Colorado and Washington both passed ballot measures legalizing marijuana in last week’s election, and in both cases the new laws include product-labeling requirements, a ban on sale to minors, and substantial taxes. Mark Kleiman, co-author of Marijuana Legalization: What Everyone Needs to Know, says he’d like to know how this kind of a regulatory regime works out, and all the studies in the world won’t tell us. You just have to try it and find out what happens. So he hopes that President Obama will quietly allow the two states to give it a try:
The federal government could shut down both of those experiments, if it were determined to do so….But it would make it impossible to learn anything useful from the Colorado and Washington experiments.
So why shouldn’t the federal government cut Colorado and Washington some slack? As long as those states prevent marijuana grown under their laws from crossing state lines and thereby subverting marijuana prohibition in the rest of the states, the Justice Department could step back and let the consequences of the new policies play themselves out. They might succeed, or they might fail. In either case, the rest of us could learn from their experience.

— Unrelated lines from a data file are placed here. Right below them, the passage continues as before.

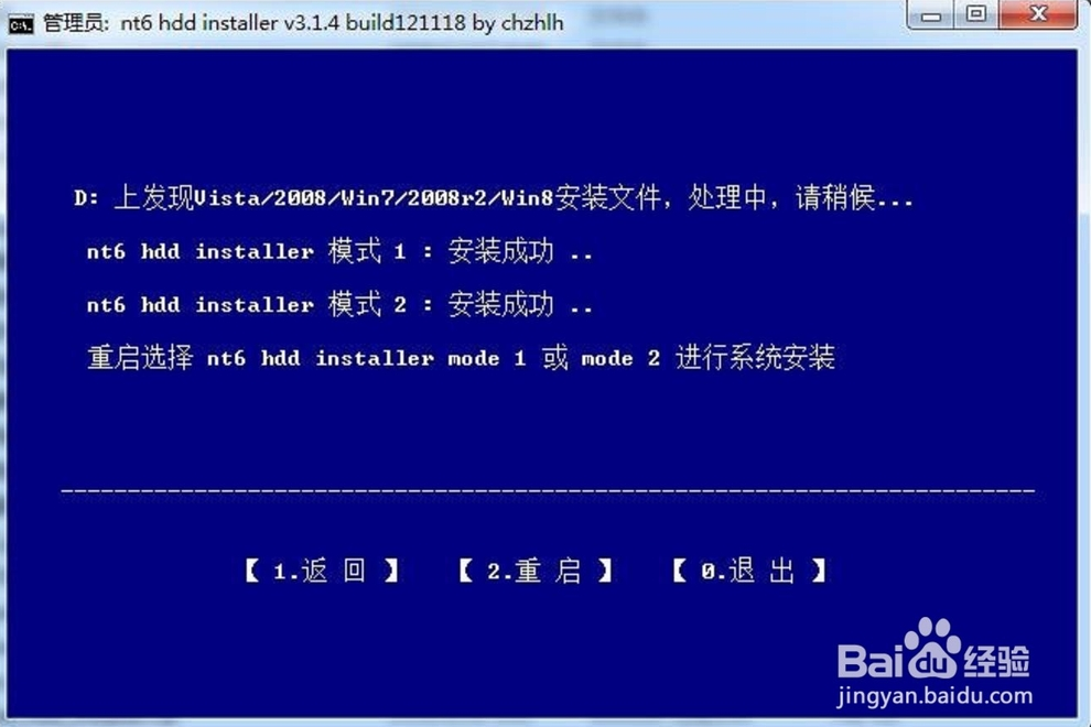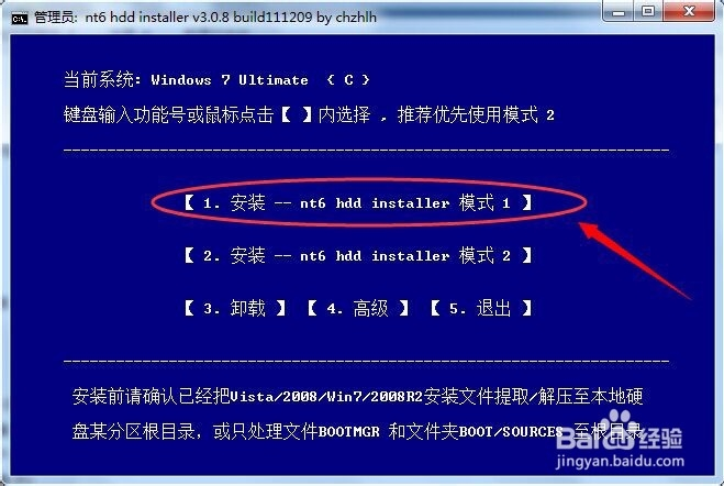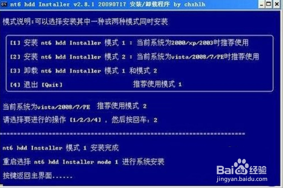之后,雙擊運(yùn)行解壓后的nt6 hdd installer.exe,會(huì)出現(xiàn)模式說(shuō)明:可以選擇其中一種或兩種安裝。由于當(dāng)前我的系統(tǒng)是win7,根據(jù)提示,輸入2,然后回車(chē)。
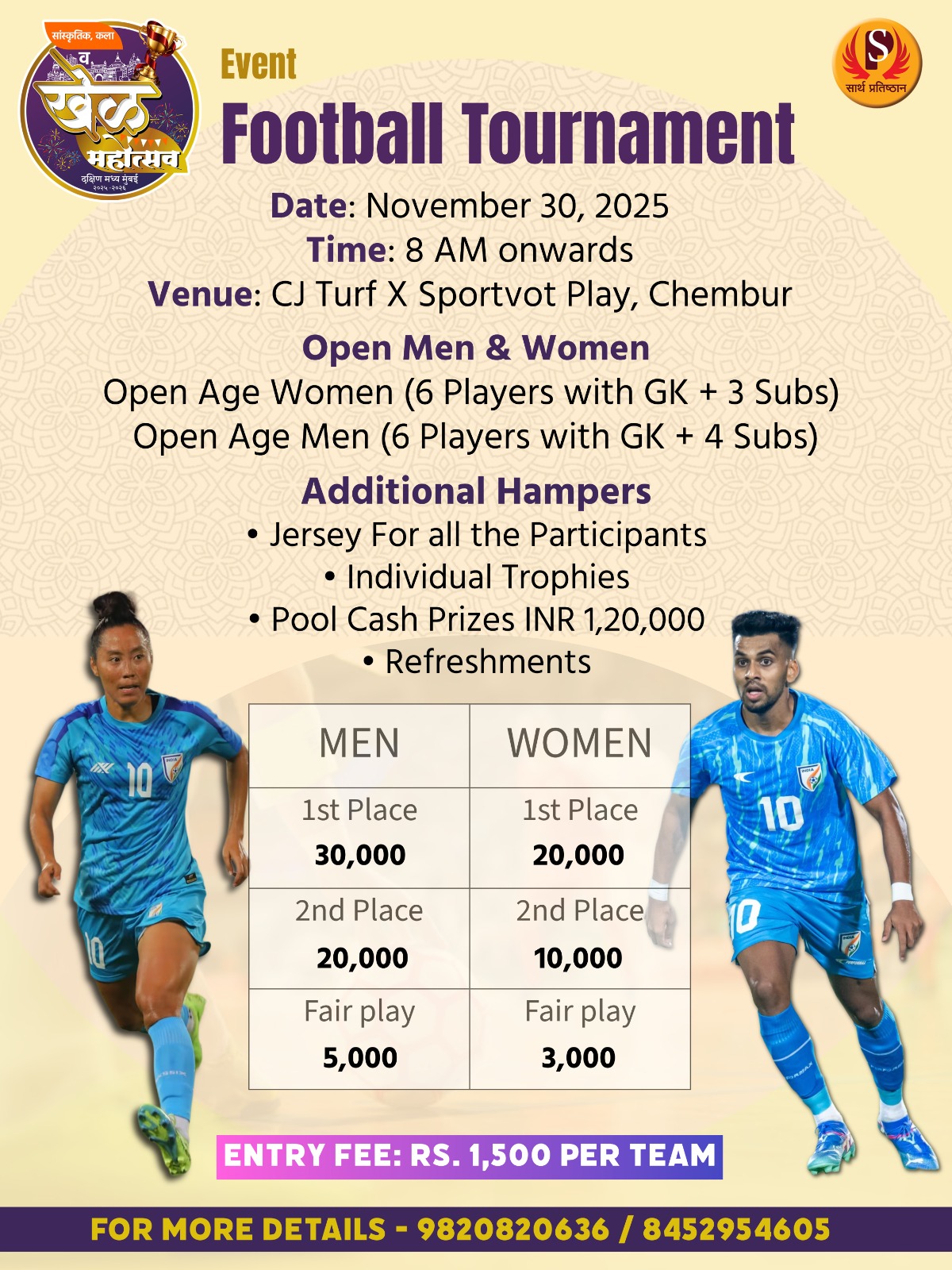 | Tug of war | Swami Samarth | Dadar Shivaji park | Nov 22 | 5 pm-9 pm | 20000 |
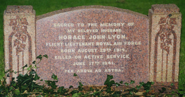 | Flight Lieutenant Horace John LYON | 37975 | Royal Air Force | June 17, 1941 | 23 | Bicester Cemetery | b:29/08/1914; w:Mary Ellison Lyon of Bicester | ||||
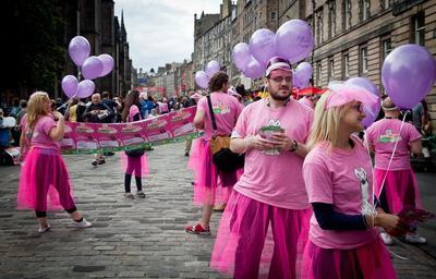 Keywords: street performers edinburgh fringe actors performers balloons pink costumes people expression adult artist face human pose female
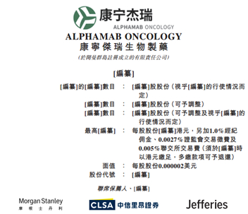 中国领先临床阶段生物制药公司,康宁杰瑞生物制药-2019年7月15日向港交所提交港股上市申请,联席保荐人为摩根士丹利、中信里昂证券及Jefferies。
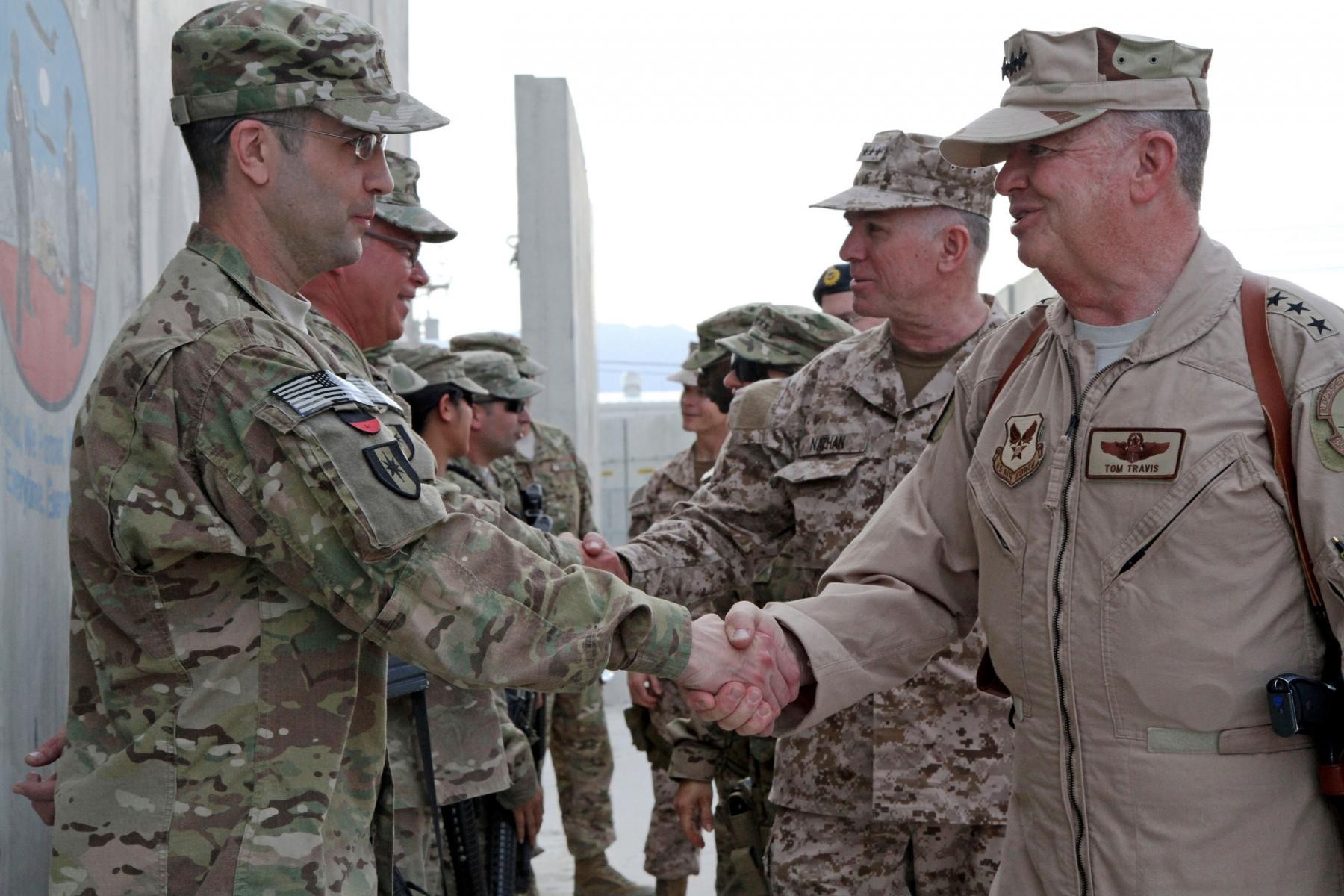 Lt. Gen. (Dr.) Thomas Travis, surgeon general, U.S. Air Force, greets service members at Craig Joint Theater Hospital during a tour of the airfield's medical facilities, April 17, 2013. The surgeons general were shown Bagram Air Field's medical capab...
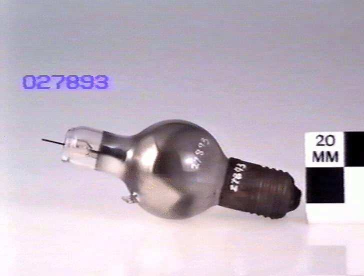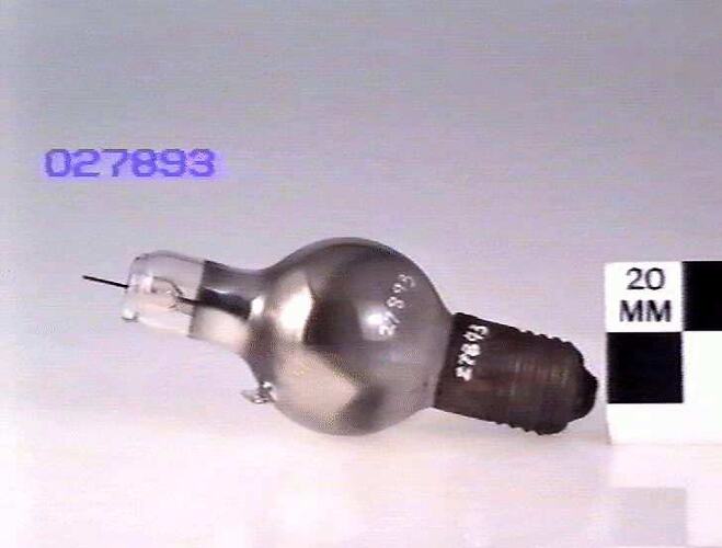 Spherical bulb with extension on top with Edison screw base and top anode connection. There is an asbestos filling where the anode top connector is recessed.
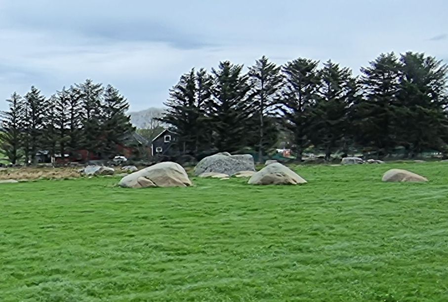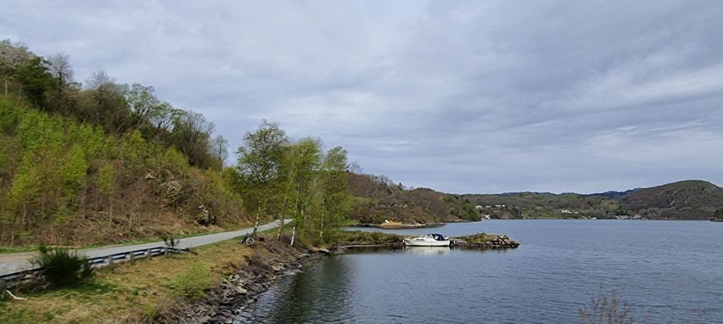 Schnell geht es wieder von den Höhen hinunter und hinein in ein zum Meer hin ziemlich flach abfallendes Gelände mit landwirtschaftlich genutzten Flächen – und schon sind wir angekommen in Borhaug, in einer völlig anderen Küstenlandschaft, in einem kleinen, verschlafenen Fischerort.
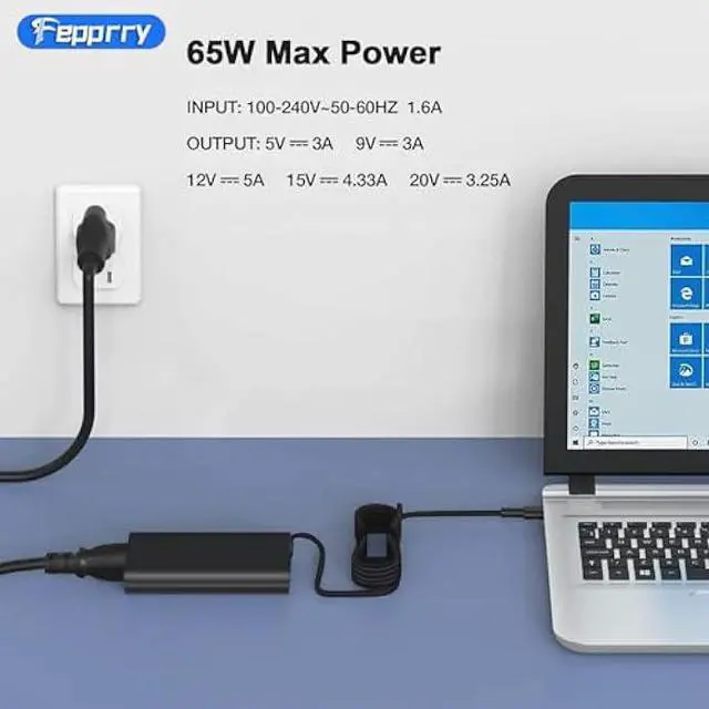 Compatible with 65W USB C Laptop ChargerCompatible with XPS 13 9300 9305 9310 9360 9365 2-in-1 9370 9380 9350 7390 9250 7390 2-in-1 9365 2-in-1, XPS 12 9250 9Q23 9Q33 L221X, XPS 15 9550 9560, Chromebook 3100 5300 5190 2-in-1 7486 3100 3400 3380
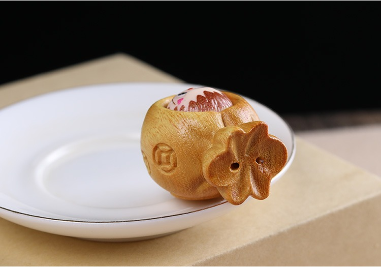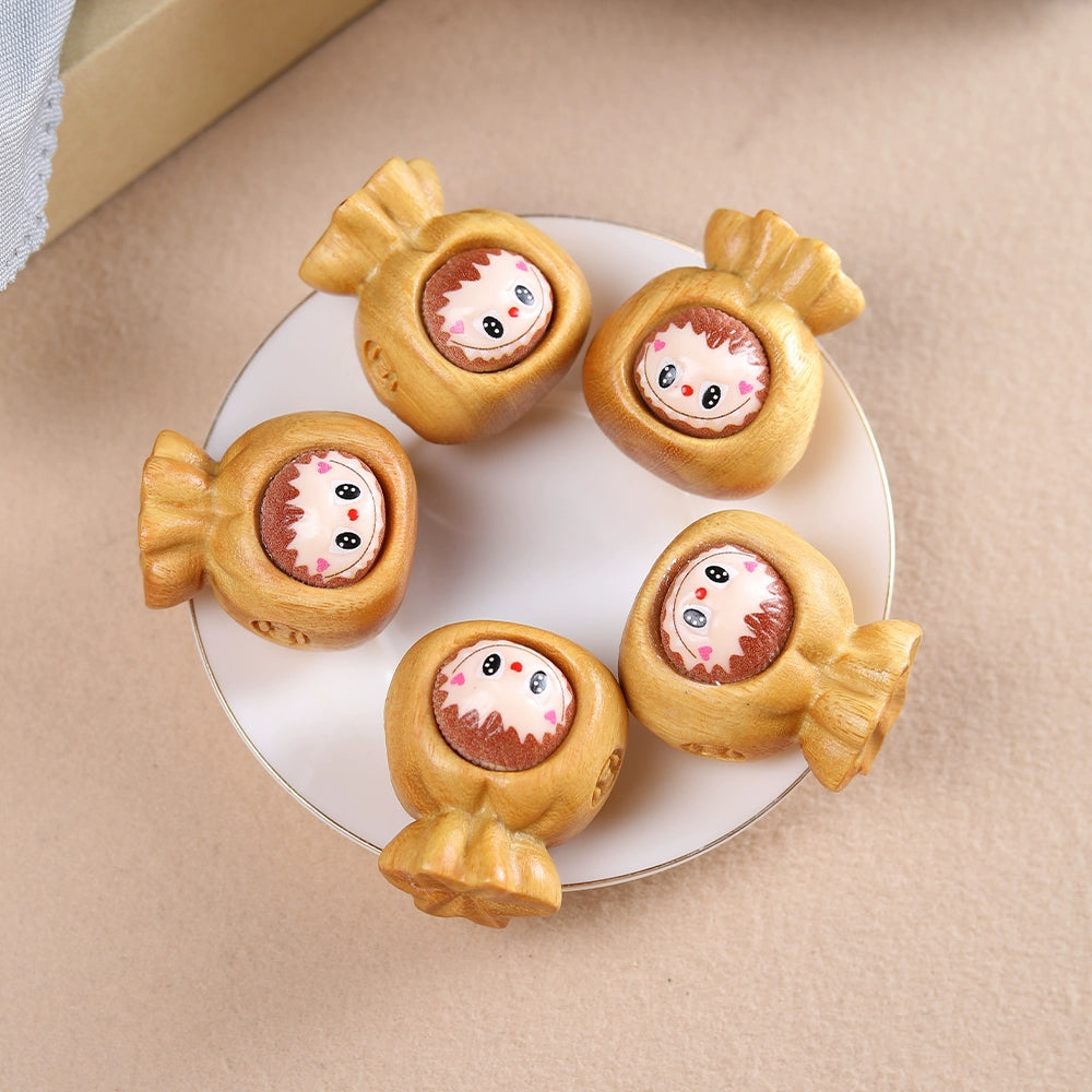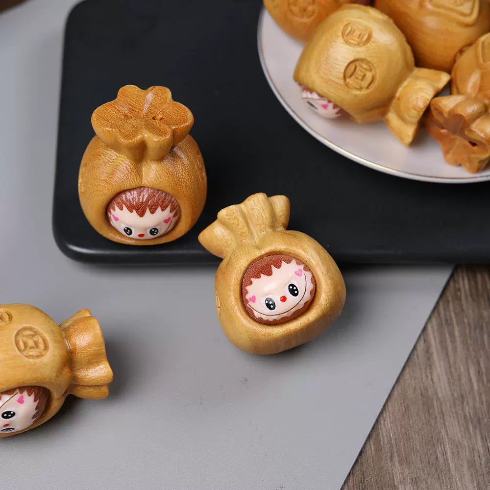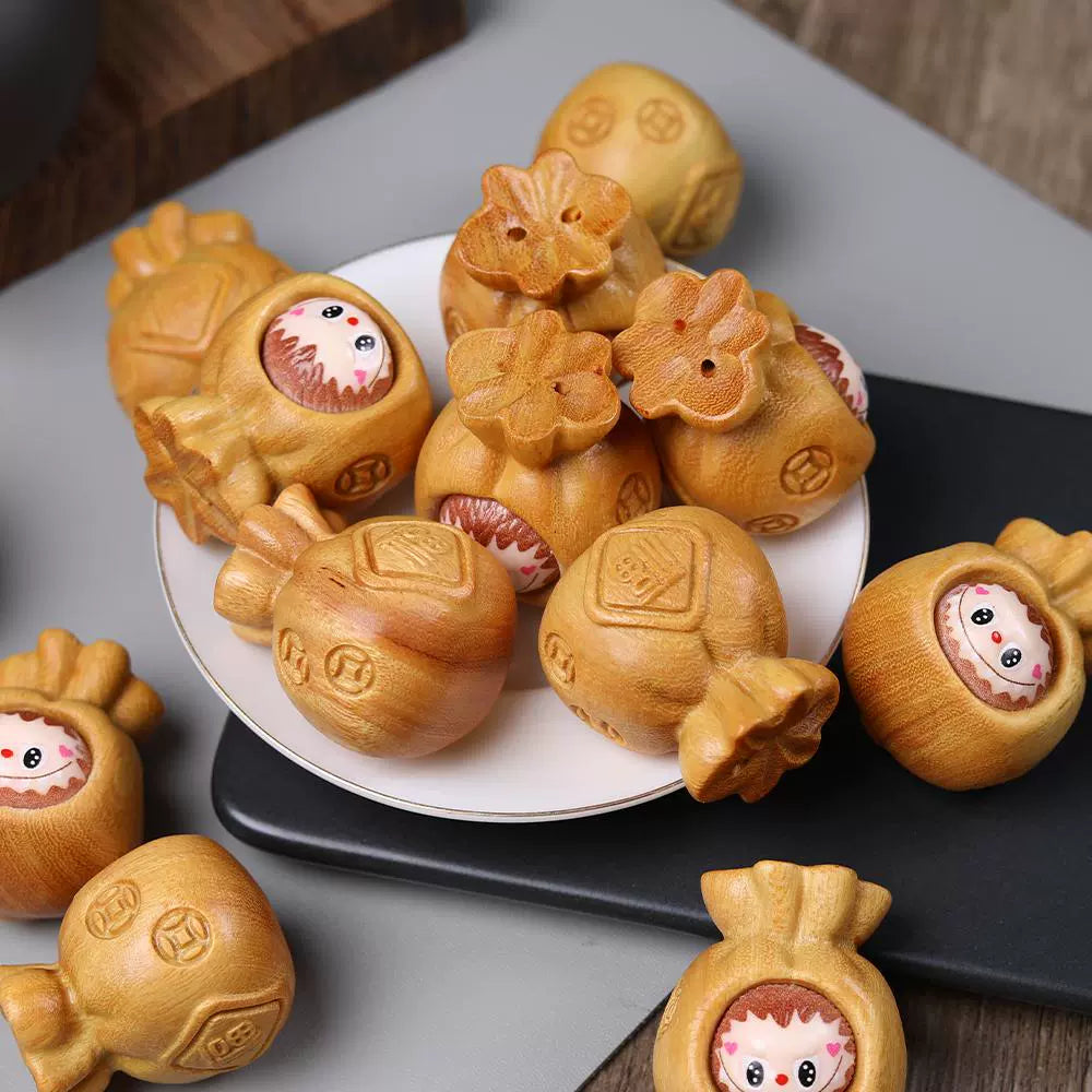 LABUBU Carved Wooden Pendant - 3D Lucky Charm for DIY Jewelry & Keychains

I doubt that either state can effectively prevent locally-grown marijuana from crossing state lines, but hell, they can’t prevent it now either. So I’m with Mark: there’s no need to announce any public change of policy, but Obama should tell DEA to lie low for a while and see how Colorado and Washington do. A controlled experiment like this is the best way of finding out the effect of full legalization of marijuana. Does it lead to higher consumption? Is it a gateway drug? Will it reduce consumption of alcohol?
Three years ago, in a story given the most peculiar headline ever by my editors, I predicted that the answers would be (a) yes, moderately; (b) no; and (c) quite possibly. And since substitution of alcohol consumption with marijuana use would probably be a net positive, it’s well worth a try.
I also predicted this would take a while: “Ten years from now,” I concluded, “as the flower power generation enters its 70s, you might finally be able to smoke a fully legal, taxed, and regulated joint.” If the feds agree to back off, I will have been seven years off. At least for some of us.